Training parameters#

batch_size = 16                  # Batch size per GPU
max_steps = 10000                # Maximum training steps
num_gpus = 1                     # Number of GPUs for training
save_steps = 500                 # Save checkpoints every 500 steps
resume_from_checkpoint = False   # Resume from a checkpoint if available
gradient_accumulation_steps = 1  # Gradient accumulation steps
skip_unlabeled = False           # Whether to skip unlabeled data

Learning Rate & Optimizer#

Use cosine annealing with warm-up:

learning_rate = 1e-4     # Learning rate
weight_decay = 1e-5      # Weight decay for AdamW
warmup_ratio = 0.05      # Warm-up ratio for total steps

Model Fine-tuning#

base_model_path = ""          # Path or HuggingFace model ID for base model
tune_llm = False              # Fine-tune language model backbone
tune_visual = True            # Fine-tune vision tower
tune_projector = True         # Fine-tune projector
tune_diffusion_model = True   # Fine-tune diffusion model
use_pretrained_model = False  # Use a pretrained model or not

LoRA Configuration#

lora_rank = 0         # Rank of LORA
lora_alpha = 16       # Alpha value
lora_dropout = 0.1    # Dropout rate

Data Loading#

embodiment_tag = "new_embodiment"  # Embodiment tag (e.g., gr1, new_embodiment)
video_backend = "torchcodec"       # Video backend: decord, torchvision_av, opencv, or torchcodec
dataloader_num_workers = 8         # Number of workers for data loading

⚠️ Note: The default torchcodec works for most video data.

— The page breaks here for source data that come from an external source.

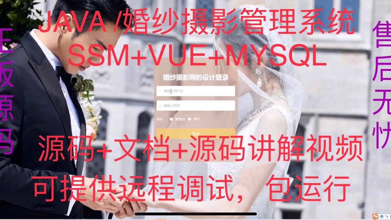 婚纱摄影管理系统|Java|SSM|VUE| 前后端分离 2⃣️:管理端:首页、个人中心、用户管理、套餐系列管理、摄影套餐管理、摄影订购管理、摄影预约管理、摄影评价管理、客片欣赏管理、系统管理。4⃣️:技术栈:Java、Mysql、SSM、Mybatis-Plus、VUE、jquery,html。3⃣️:开发环境:IDEA、JDK1.8、Maven、Mysql5.7+4⃣️:前台端:首页、个人中心、摄影套餐、摄影资讯、在线客服。【重要3⃣️】虚拟可复制品不支持退换货。
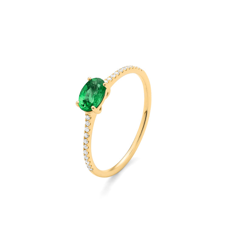 Anillo fabricado en oro de 18 kilates con centro de piedra preciosa a elegir, y diamantes.
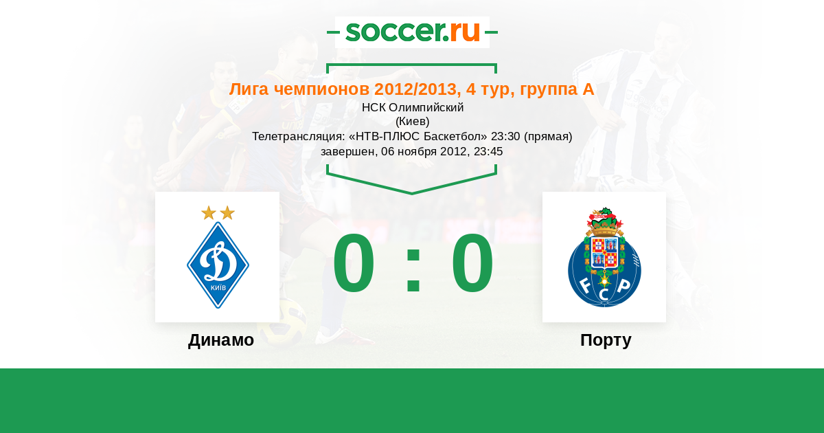 Протокол матча Динамо против Порту

Decord supports H.264 videos but cannot handle AV1 format. When processing AV1 videos, torchvision_av may cause communication deadlocks on multi-node setups. See more video standrads.

Miscellaneous#

augsteps = 4         # Number of augmentation steps
report_to = "wandb"  # Logging backend: wandb or tensorboard

⚠️ Note: You need to log in to your own Weights & Biases (wandb) account.